--- DATA EXTRACT ---
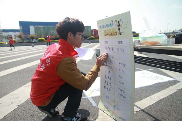 繞過10米處的石墩子,還需要繞回起點(diǎn)才能完成比賽。不少選手在360度大轉(zhuǎn)彎這里栽了跟頭,引得觀眾直呼:“慢一點(diǎn),注意安全!”來回20米,象嶼港灣的周賢僅用了17秒9就完成比賽,問鼎繞樁賽英雄榜冠軍!
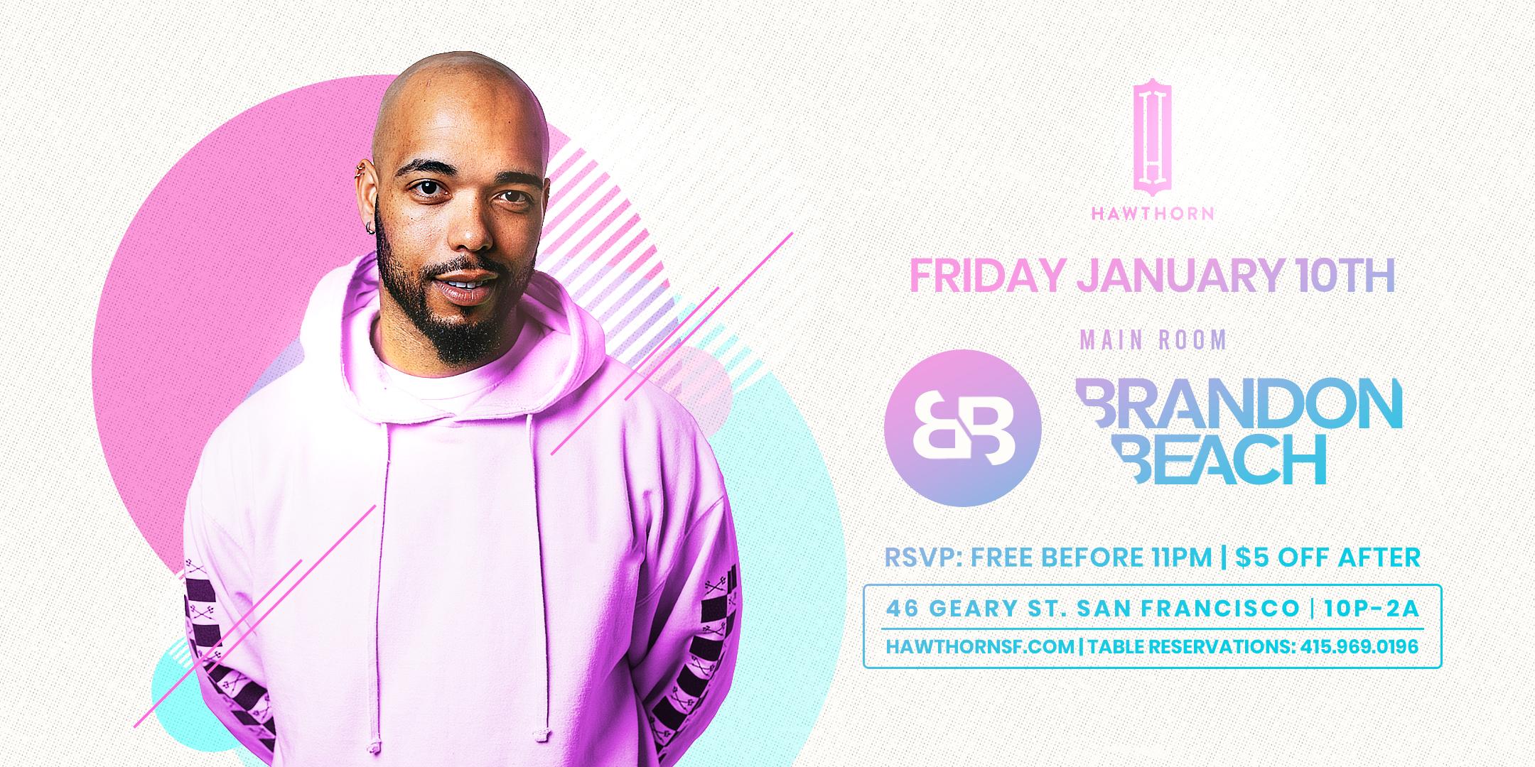 Main Room (Open Format | Hip Hop | Top 40): Brandon Beach RSVP: Free before 11pm; $5 OFF After
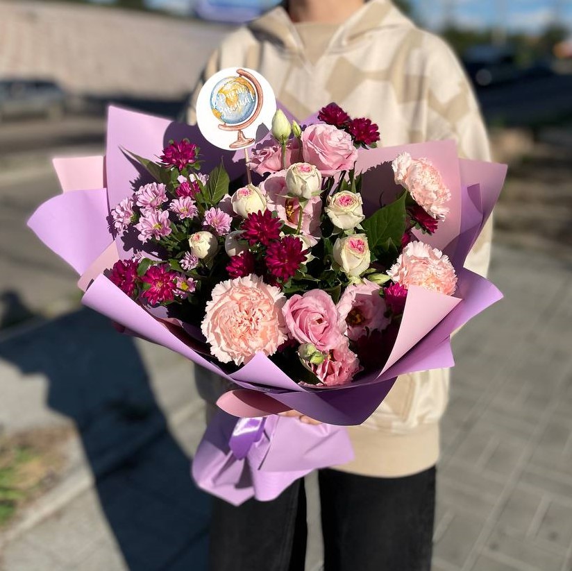 Букет в школу сборный, в составе кустовая роза, хризантема, астры, гвоздики, эустома, зелень.
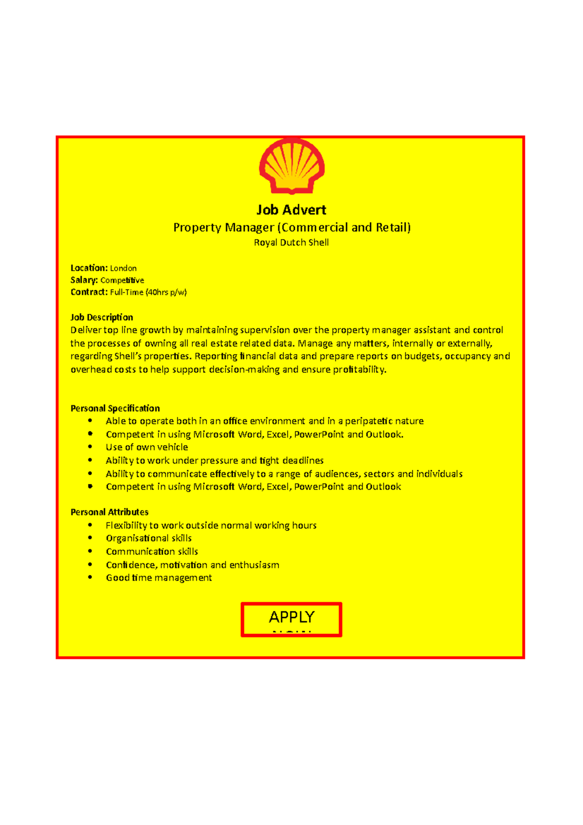 Job Advert - Job Advert Property Manager (Commercial and Retail) Royal ...
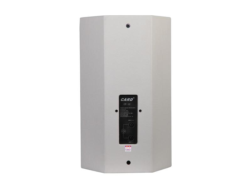 CF-12是一款全频多用途两分频扬声器,水平覆盖有宽角(W型)和窄角(L型)两种。可应用于固定安装、厅堂扩声、流动演出以及大型扩声系统的辅助补声等等。经过CMD覆盖匹配设计的高频号角与低频单元的覆盖特性实现了平顺的过渡与号角连接的高频驱动单元是一个频响平滑宽广的2”喉管(2.5”音圈振膜)的精密高频压缩驱动器。低频扬声器为12”纸盆(3”音圈口径)的精密低频单元。
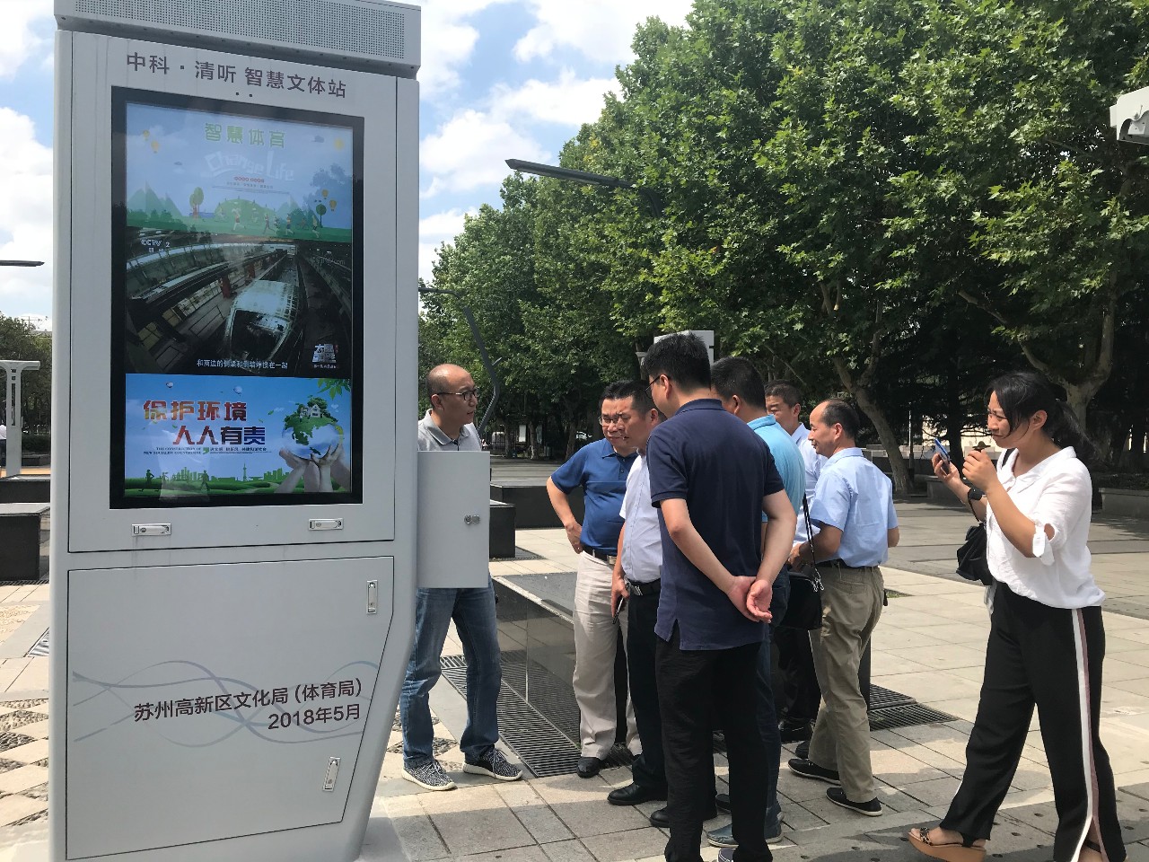 ◆2018年6月23日,銅陵市銅官區(qū)區(qū)委常委楊友進(jìn)、區(qū)政府副區(qū)長巫永生、國家獅子山高新區(qū)黨工委書記王基宏、區(qū)委宣傳部常務(wù)副部長高鵬、區(qū)招商局長余建國、區(qū)商務(wù)局長查日春等一行前往蘇州高新區(qū)馨泰花苑智慧廣場舞示范點,就智慧體育便民設(shè)施進(jìn)行考察。
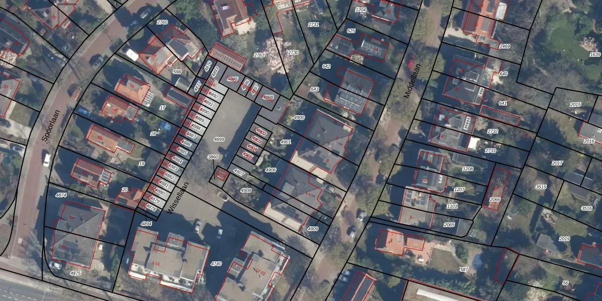 Gebruik de zoekbalk of klik op een perceel voor informatie over de adressen binnen dit perceel.
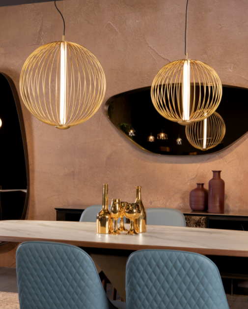 Lampada boule con un tubolare luminoso nel centro delle sfere, sospese da un
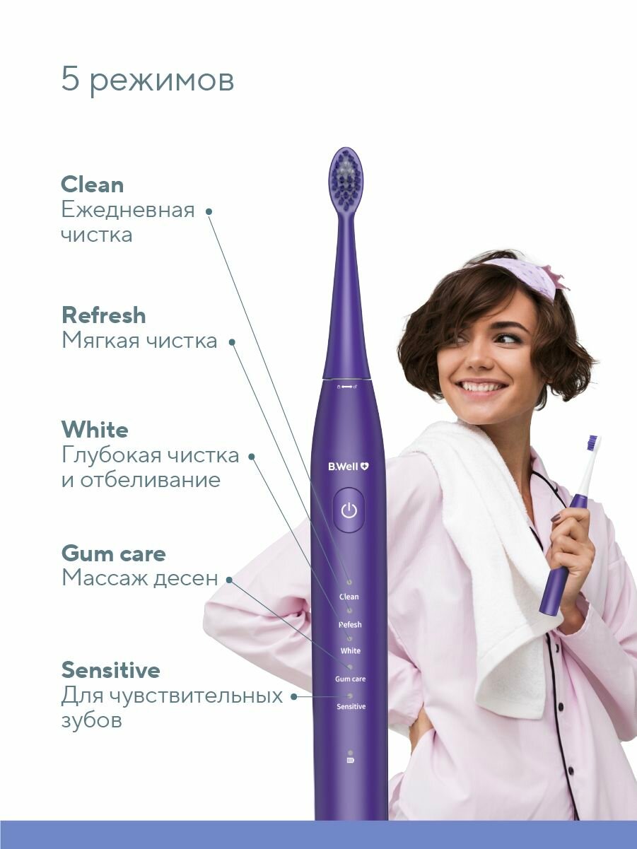 СохранитьЭлектрическая зубная щетка B.Well PRO-850 звуковая фиолетовая, 5 режимов, 60 дней без подзарядки интересное:
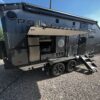 A MorRyde Huck-Rivot aluminum frame, adjustable air ride suspension, TransCore thermoplastic composite structure, and wood-free design are all used to produce the strongest, long-lasting overland trailer on the market today. In this Pause XC20.2 floor plan, you will enjoy your time cooking in the great outdoors with the deluxe outside kitchen. With a 4.5 CF Refer, a microwave, sink, a grill and griddle combination, and a pantry, you will have everything you need for a large meal. Furthermore, with the Palomino Pause XC20.2 2023. you will be granted a large storage room in the back of the coach and a lockable storage area behind your entertainment center wall. Full-size queen bed in the front with shirt closets and outlets on both sides. A 600-watt Viktron Solar package with 540-watt Battleborn Lithium batteries, a Viktron 3000-watt inverter, and 76 gallons of fresh water means you can enjoy the great outdoors even longer!!
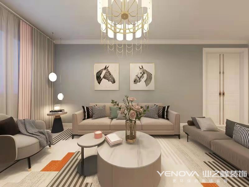 咨询电话:0791-86296016,本方案是围绕现代简约为主题,适合业主一家四口居住,以灰色为基调,点缀莫兰迪色色,做工精细、分寸得宜的布艺与金属兼顾时尚与感性,围绕几何线条图案,从艺术装置、柔软布艺到质感地毯,无不烘托着温馨曼妙的奢居氛围。
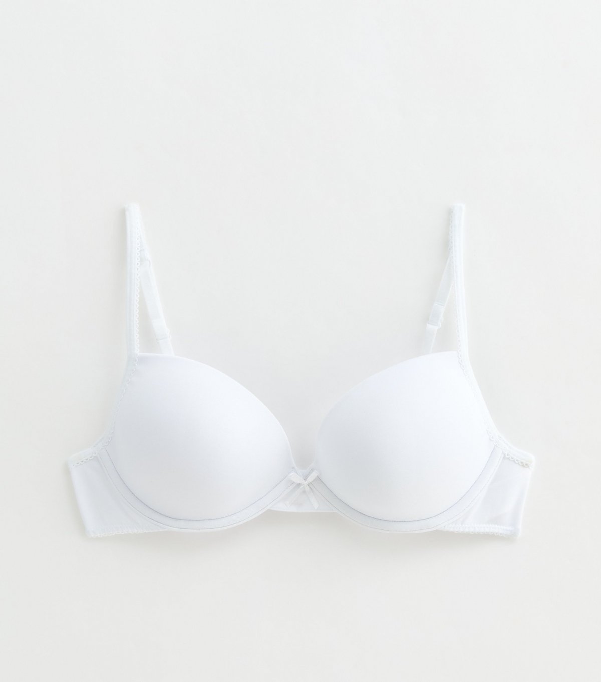 Sleek white underwired t-shirt bra by New Look. Features adjustable straps and foam cups for comfort. Ideal for everyday wear with a back hook and eye fastening.
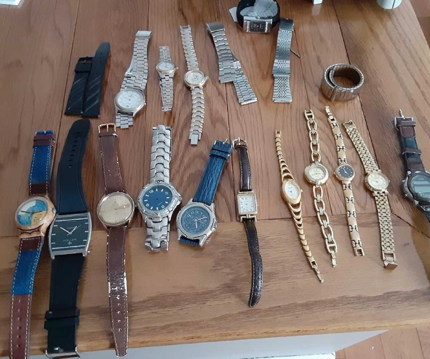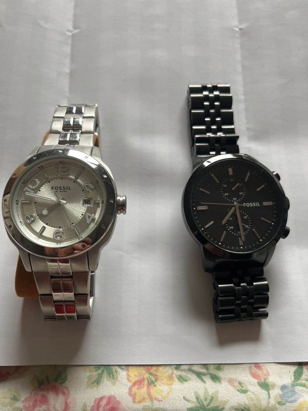 Pair of Fossil watches. One silver tone, one black. Both have metal bands.

--- ABOUT THIS EXERCISE ---
Every record must be copied exactly, with images dropped from the result.

--- SOLUTION TO THIS PROBLEM ---
 繞過10米處的石墩子,還需要繞回起點(diǎn)才能完成比賽。不少選手在360度大轉(zhuǎn)彎這里栽了跟頭,引得觀眾直呼:“慢一點(diǎn),注意安全!”來回20米,象嶼港灣的周賢僅用了17秒9就完成比賽,問鼎繞樁賽英雄榜冠軍!
 Main Room (Open Format | Hip Hop | Top 40): Brandon Beach RSVP: Free before 11pm; $5 OFF After
 Букет в школу сборный, в составе кустовая роза, хризантема, астры, гвоздики, эустома, зелень.
 Job Advert - Job Advert Property Manager (Commercial and Retail) Royal ...
 CF-12是一款全频多用途两分频扬声器,水平覆盖有宽角(W型)和窄角(L型)两种。可应用于固定安装、厅堂扩声、流动演出以及大型扩声系统的辅助补声等等。经过CMD覆盖匹配设计的高频号角与低频单元的覆盖特性实现了平顺的过渡与号角连接的高频驱动单元是一个频响平滑宽广的2”喉管(2.5”音圈振膜)的精密高频压缩驱动器。低频扬声器为12”纸盆(3”音圈口径)的精密低频单元。
 ◆2018年6月23日,銅陵市銅官區(qū)區(qū)委常委楊友進(jìn)、區(qū)政府副區(qū)長巫永生、國家獅子山高新區(qū)黨工委書記王基宏、區(qū)委宣傳部常務(wù)副部長高鵬、區(qū)招商局長余建國、區(qū)商務(wù)局長查日春等一行前往蘇州高新區(qū)馨泰花苑智慧廣場舞示范點,就智慧體育便民設(shè)施進(jìn)行考察。
 Gebruik de zoekbalk of klik op een perceel voor informatie over de adressen binnen dit perceel.
 Lampada boule con un tubolare luminoso nel centro delle sfere, sospese da un
 СохранитьЭлектрическая зубная щетка B.Well PRO-850 звуковая фиолетовая, 5 режимов, 60 дней без подзарядки интересное:
 A MorRyde Huck-Rivot aluminum frame, adjustable air ride suspension, TransCore thermoplastic composite structure, and wood-free design are all used to produce the strongest, long-lasting overland trailer on the market today. In this Pause XC20.2 floor plan, you will enjoy your time cooking in the great outdoors with the deluxe outside kitchen. With a 4.5 CF Refer, a microwave, sink, a grill and griddle combination, and a pantry, you will have everything you need for a large meal. Furthermore, with the Palomino Pause XC20.2 2023. you will be granted a large storage room in the back of the coach and a lockable storage area behind your entertainment center wall. Full-size queen bed in the front with shirt closets and outlets on both sides. A 600-watt Viktron Solar package with 540-watt Battleborn Lithium batteries, a Viktron 3000-watt inverter, and 76 gallons of fresh water means you can enjoy the great outdoors even longer!!
 咨询电话:0791-86296016,本方案是围绕现代简约为主题,适合业主一家四口居住,以灰色为基调,点缀莫兰迪色色,做工精细、分寸得宜的布艺与金属兼顾时尚与感性,围绕几何线条图案,从艺术装置、柔软布艺到质感地毯,无不烘托着温馨曼妙的奢居氛围。
 Sleek white underwired t-shirt bra by New Look. Features adjustable straps and foam cups for comfort. Ideal for everyday wear with a back hook and eye fastening.
 Pair of Fossil watches. One silver tone, one black. Both have metal bands.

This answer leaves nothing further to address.